Сын-первенец, устойчивый образ традиционного семейного микрокосма, играет особую роль в романах Г. Яхиной и Лизы Си. Первенец в традиционном обществе знаменует продолжение рода, повышает статус женщины, кардинально меняет ее жизнь. Женщина может рассчитывать стать женщиной в полном смысле этого слова, если у нее есть сын: Зулейха даже не признается Упырихой в качестве жены Муртазы, пока у нее нет сына, ее место ночью не рядом с мужем, а на сундуке, где обычно спят дети. Лилия заявляет: «Через две недели мне исполнится двадцать лет, скоро родится мой ребенок и начнется моя настоящая жизнь» (курсив авторов статьи) [Си, 2020, с. 234]. Женщины Китая продолжали жить в доме матери до рождения первенца. Но сыновья Зулейхи и Снежного Цветка не такие, какими им предписывает быть традиция. Это «обреченные» первенцы. Первенец Снежного Цветка, так же, как и Юсуф, отличается худобой и болезненностью, даже мать отказывает ему в поддержке: «... мать мясника заявила, что старшему сыну не надо давать ту еду, которую мясник раздобыл в горах. «- Незачем тратить ее на такого слабого мальчика, - заявила она. - Когда он умрет, нам станет легче. <...> Снежному Цветку следовало сказать что-то в его защиту. Но <...> ее глаза, даже в этот ужасный момент, когда он был приговорен к верной смерти, были устремлены не на него, а на ее второго сына» [Си, 2020, с. 317-318]. Лилия заступается за ребенка, она рассмотрела в нем и живой интеллект, и любознательность, восприимчивость к искусству и потенциал, как замечают этот потенциал переселенцы Семрука в Юсуфе - доктор, художник. И эти слабые мальчики одни, вопреки всему, продолжили свой род, воплотили лучшее, что досталось им от матерей. Они родились и выжили не благодаря, а в нарушение традиции. Юсуф обязан жизнью убийце отца, сын Снежного Цветка - благодаря искаженной легенде и участию Лилии. Каждый из них не выжил бы, если бы не смерть: Муртазы в «Зулейхе.» и второго сына-крепыша в «Снежном Цветке.».

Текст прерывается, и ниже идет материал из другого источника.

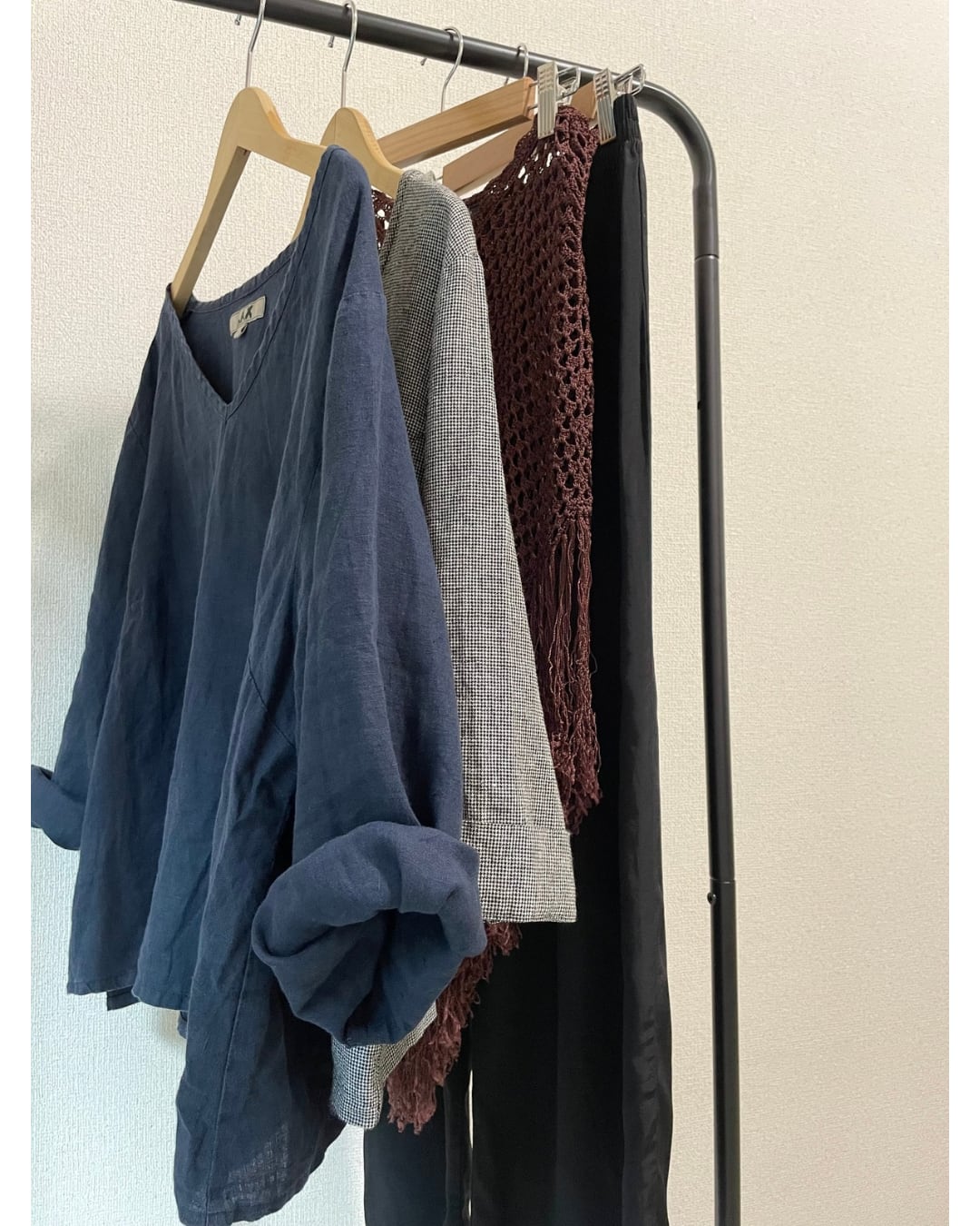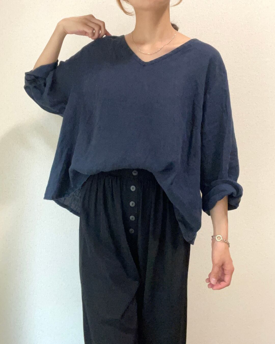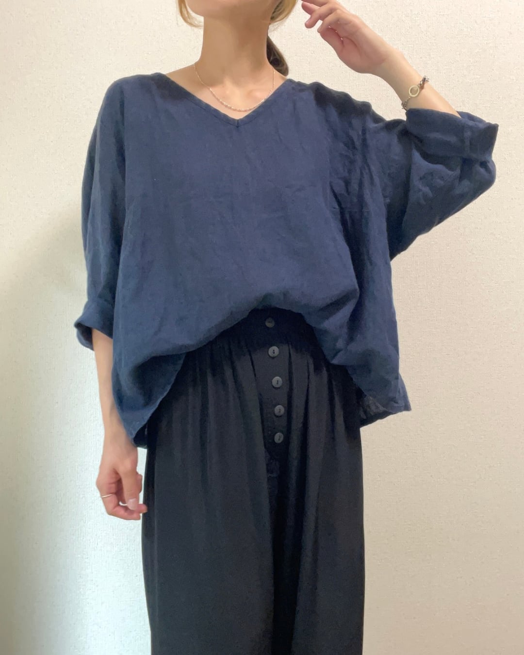 上品な濃紺色のリネンブラウス。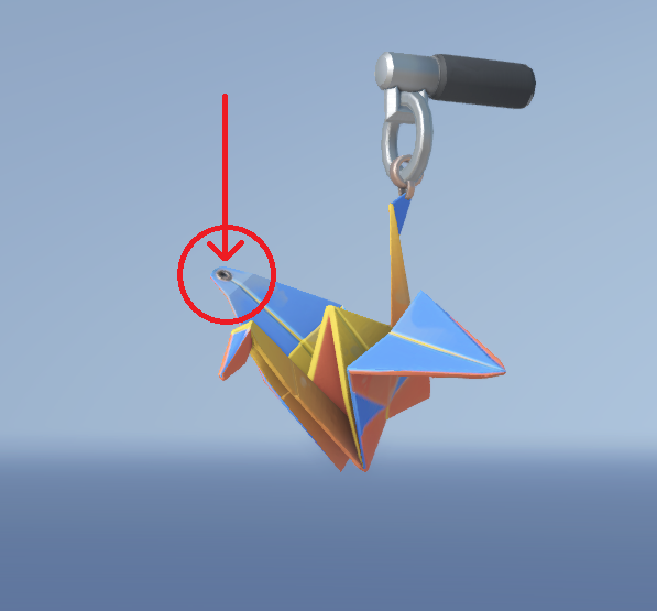 Дело в том, что на модели брелка отчётливо видно специально проделанное отверстие, через которое, по логике, следует продевать цепочку. Однако, по какой-то причине конструкцию закрепили в совсем другом месте.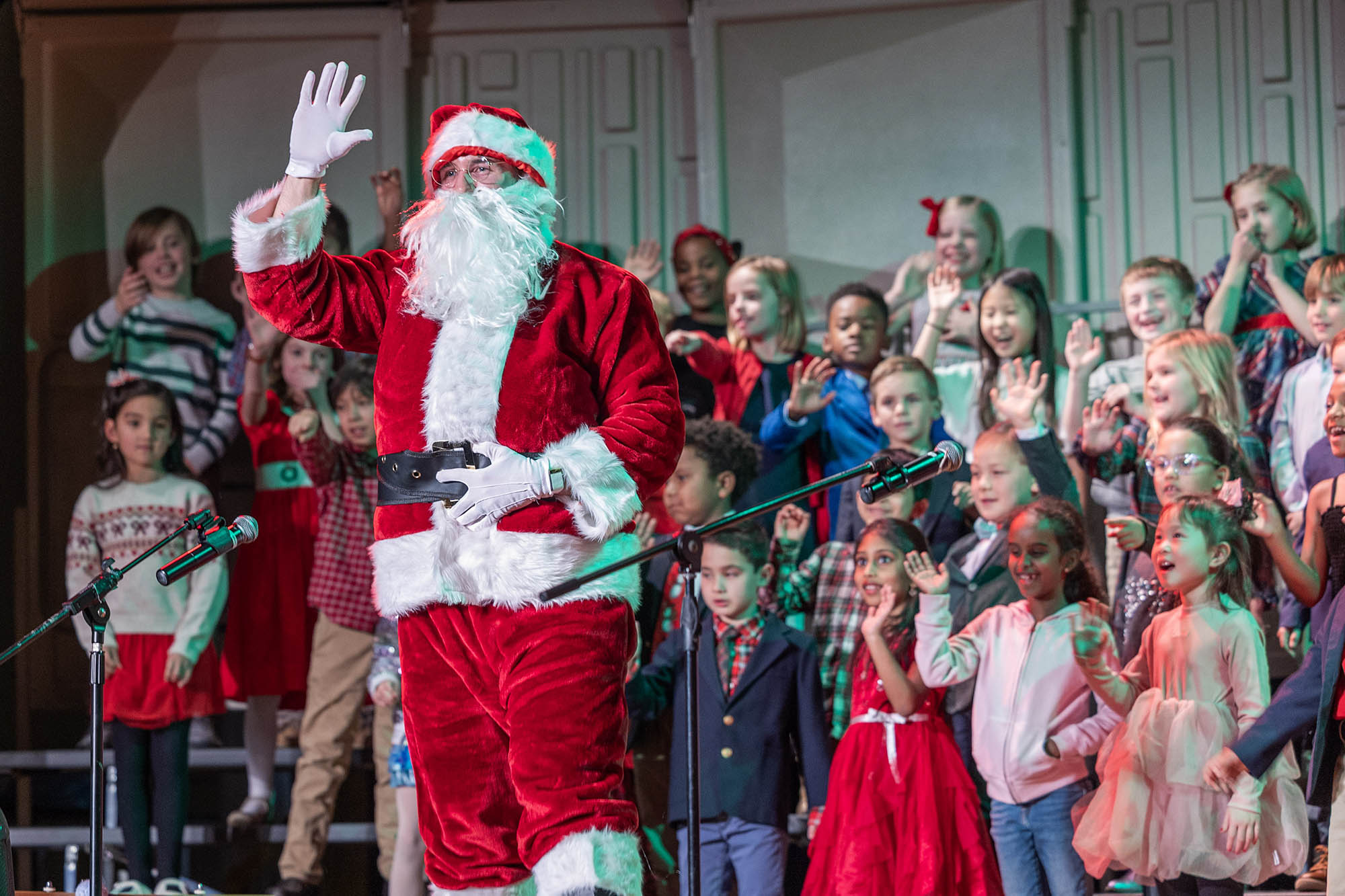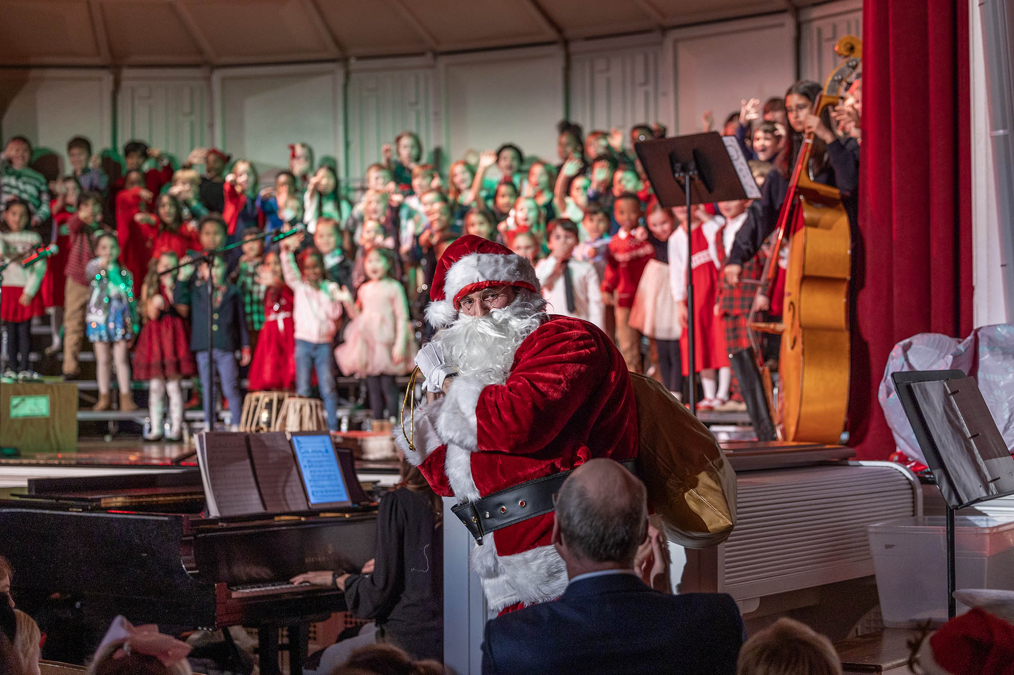 (Everybody’s Waitin’ for) The Man With the Bag featured an MICDS Middle School upright bass player, Prashanti Mamileti ’30, and a Middle School percussionist, Brandon Jewett ’31. This holiday classic also had a surprise guest, Santa Claus, played by First-Grade Teaching Associate Tanner Amell. The first- and second-graders were in on the surprise and had much anticipation for this special moment in the song. It was adorable to see their reactions while they were singing.

Типологически сходными оказываются в обоих романах и традиционные архетипические образы дома и «тайного языка» героинь. Дом татарский и китайский разделены по гендерному признаку: женская и мужская часть, нижние и верхние комнаты (женские - верхние комнаты). Дом и любое место, где живет женщина - это замкнутые пространства: женщина не имеет права по своему желанию покидать это пространство. Зулейха тайком перемещается по дому, на улице ее пространство ограничено урманом (лесом), в который она не смеет заходить, кроме своего поселка она ничего не знает. Девочкам из «Снежного Цветка.» калечат ноги, и это существенно ограничивает их свободу: теперь они не могут выходить на улицу, перемещаются только в паланкине, из которого Лилия даже не смеет кинуть взгляд на внешний мир. Так же была ограничена свобода Зулейхи переполненным вагоном и землянкой. Дом мужа в романе Лизы Си - тоже замкнутое пространство, не зря выход из дома - такой опасный, а родственники не хотят выпускать Лилию. Тайный язык - способ герметичной коммуникации в мире женщин недоступен мужчинам. Тайный язык Лилии и Снежного Цветка - нушу, женская тайнопись, позволяет им общаться, а Зулейха почти постоянно обращается то к духам, то к Аллаху, то к своим умершим дочерям: «Шамсия - Фируза. Халида - Сабида», и этот язык понятен только ей и мирозданию: «- Шамсия! - Зулейха улыбается и протягивает ей руку в толстой меховой рукавице. - Не болтай, женщина! - Муртаза швыряет пригоршню снега, и птица, порскнув в сторону, улетает. - Работать пришли» [Яхина, 2017, с. 66].

Значимой характеристикой героинь-женщин в романах становится образ птицы: от «безмозглой курицы», какой рисует женщину традиция, до разнообразных образов на веере лаотун и чудесной Шах-птицы Зулейхи. Птички, фениксы и соловьи, уточки-мандаринки и ласточки - основные образы тайных писем снежного цветка, соответствующие образу девушки, женщины. Даже описывая свою мать, Лилия прибегает к «птичьему» сравнению: «Она не взяла свою палку и шла по комнате, размахивая руками, словно птица с перебитыми крыльями» [Си, 2020, с. 52]. Снежный Цветок так хочет летать, что у нее вырастают крылья: «Она обладала истинной независимостью, присущей знаку Лошади, но только у ее Лошади были крылья, которые несли ее высоко над землей.» [Си, 2020, с. 94]. «Я воображаю себя птицей. Я бы парила в облаках, а мир внизу казался бы таким далеким!..» [Си, 2020, с. 265]. «В каждом послании она говорила о птицах, об их полете, о внешнем мире» [Си, 2020, с. 98].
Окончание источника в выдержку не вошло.